Cory Hanson - The Unborn Capitalist From Limbo LP

Cory Hanson - The Unborn Capitalist From Limbo LP (Drag City)

Our Review:

Hanson is the frontman to the beloved LA psyche-punk outfit Wand. In Wand, Hanson's voice is deliberately buried amidst the candy-crush of cosmic distortion and damaged heaviness. It must be reiterated that those Wand records (especially Golem) are amazing! But we were not expecting how good Hanson would be on his own. The dynamics of those Wand songs were not shaped by fuzzed out sprawl, but through the charmed falsetto Hanson's voice that kindled images of Marc Bolan and a youthful Devendra Banhart.

The Unborn Capitalist From Limbo marks the first fruits of Hanson's solo songwriting, and it does not disappoint. Hanson's gilded voice soars above the muted acoustic guitar strum and fingerpicking, while cellist Heather Lockie's spritely arrangements are the perfect compliment to Hanson's vocals. The Unborn Capitalist From Limbo makes for a winsomely baroque, psych-pop-folk album of well-crafted tunes that are at once breezily effortless, yet magically lush. "The Garden Of Delights" could very well be some lost John Lennon song circa Abbey Road, imagined in a nitrous oxide take on Van Dyke Parks. While probably not a Repo Man reference, "Ordinary People" is the closest that Hanson gets to Wand as an introspective inversion of his other band's power pop ethos.

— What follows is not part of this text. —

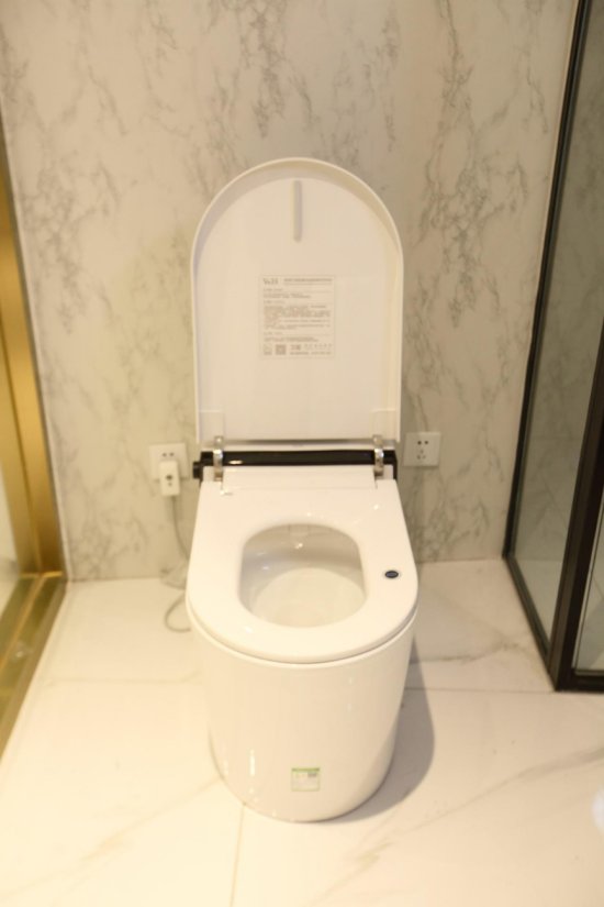 对了,浴室内还有一台智能马桶,靠近时马桶盖会自动掀起,同时触发通风扇,如厕结束,还有智能冲洗功能。

Factory Floor - 25 25 2xLP

Factory Floor - 25 25 2xLP (DFA)

Our Review:

Factory Floor have been operating in the liminal space between sweaty techno propulsion and jagged post-punk energy for close to a decade now. But there's bound to be more attention paid to this album given the brilliant collaboration that FF's Nik Void produced with Chris & Cosey in 2015. Just as that Carter Tutti Void album affixed deconstructions of electronic pop to a wallop of synthesized kick drum, 25 25 hinges upon the spry programmed rhythms and a reductionist economy of style. The grid-propulsion for Factory Floor's tracks have vacated the almost all of the aspects of the song. No chorus, bridge or verse to obstruct the austere, mechanized thrust of sequenced basslines and acid squelchiness, punctuated by dub inflected decay of Void's sampled voice that has been stretched and treated into mere fragments of speech and utterance. The over-all effect is a compulsive sensuality, coaxed from this combination of reduced electronics, rhythm and voice. The interweave of Gabriel Gurnsey's live drum kit is a common augmentation found throughout the DFA productions, harkening back to those fantastically hedonistic singles the label released at its infancy by LCD Soundsystem, The Juan Maclean and The Rapture.